Occasionally, the Poetry Crisis Line counselors need retraining. Below is the transcript of a meeting with counselors from the Main Desk, the Deus ex Machina department, and the Unrequited Love Desk.
(If you’ve missed the run-up, you can follow these links to read part 1, part 2, and part 3)
SUPERVISOR: Do you know why I called this meeting?
UNREQUITED LOVE: Screening errors?
MAIN: Mixed metaphors?
SUPERVISOR: Do you remember this caller?
[plays back recording of HAMLET call]
HAMLET [recorded]: To be or not to be…
MAIN: Oh yeah. I transferred him to the Deus Ex Machina Desk.
DEUS EX MACHINA: And I sent him to Unrequited Love.
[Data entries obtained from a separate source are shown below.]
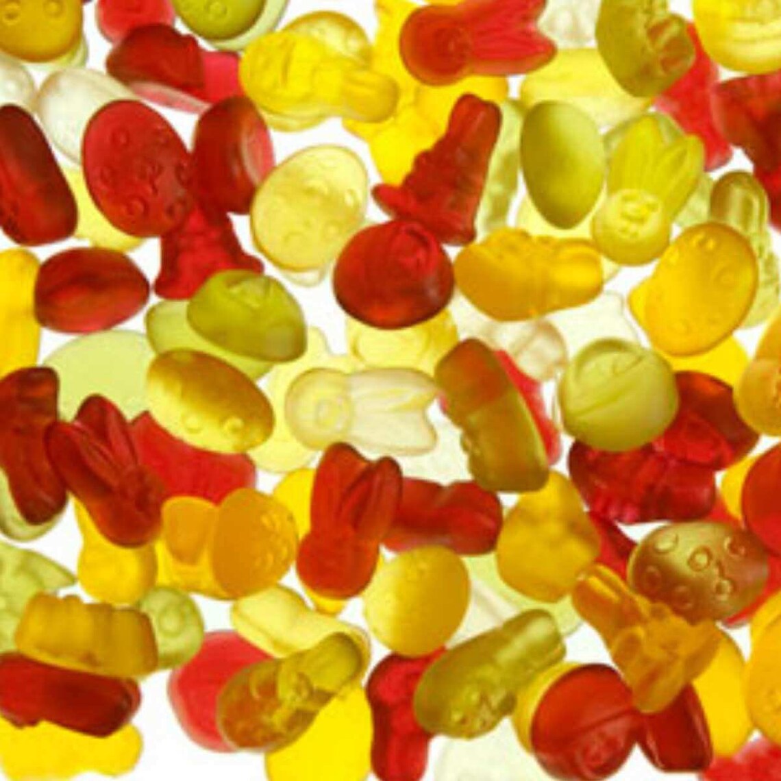 Fruchtgummi mit 10% Fruchtgehalt aus Fruchtsaftkonzentrat mit Orangen-, Passionsfrucht-, Erdbeer-, Apfel-, Pfirsich- und Cassisgeschmack
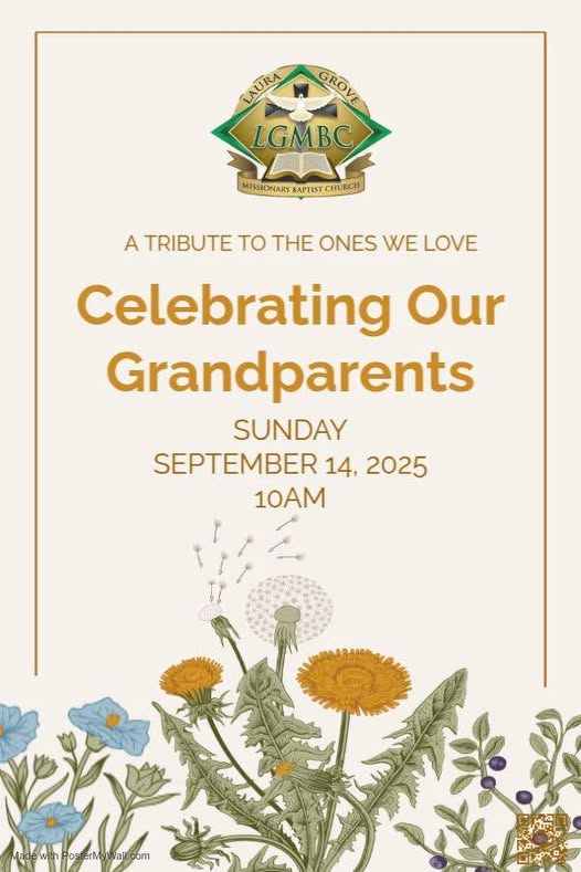 Celebrating Our Grandparents at Laura Grove September 14, 2025 10 am Laura Grove Missionary Baptist Church Grandparents are a gift from God! Join us as we honor and celebrate all grandparents this Grandparents Day!!!!! Bring your family and let’s celebrate!! Sunday, September 14, 2025 at 10 am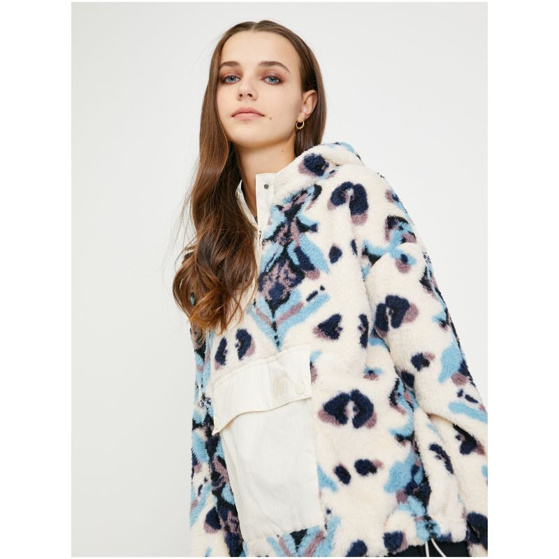 Modro-krémová dámská vzorovaná bunda z umělého kožíšku Picture D - Dámské

UNREQUITED: And he wadered off in the middle of the call. How is he?
MAIN: Oh no.
UNREQUITED: Did he kill himself?
SUP [nods]: And his girlfriend.
UNREQ: Oh no.
SUP: And her brother.
MAIN: That’s terrible.
SUP: And their father.
SUP: And his mother.
MAIN: Are you sure? All of these people?
SUP: And his uncle and stepfather.
MAIN: His uncle and his stepfather. On top of all the rest?
SUP: No, his uncle and stepfather. One person.
UNREQ: That’s kind of creepy.
SUP: Apparently he was the target. The rest were collateral damage.
DEUS: Dude must have lousy aim.
SUP: So when you had this caller on the phone, did he seem depressed.
MAIN: Oh yeah.
SUP: Did he talk about death?
UNREQ: Oh yeah
DEUS: Whatever he said, it always came back to death.
SUP: And you didnn’t think to call me?
UNREQ? Not really.
MAIN: Why would we?
SUP: Because he was depressed, and talking about death.
MAIN: This is the Poetry Crisis Line, you know.
UNREQ: Everyone’s depressed.
DEUS: And death obsessed.
UNREQ: And lonely.
SUP: [long sigh] OK, we’re going to do some training to recognize when a caller is in danger. But if something like this happens again, please get a supervisor on right away. Or…at least somewhere along the line.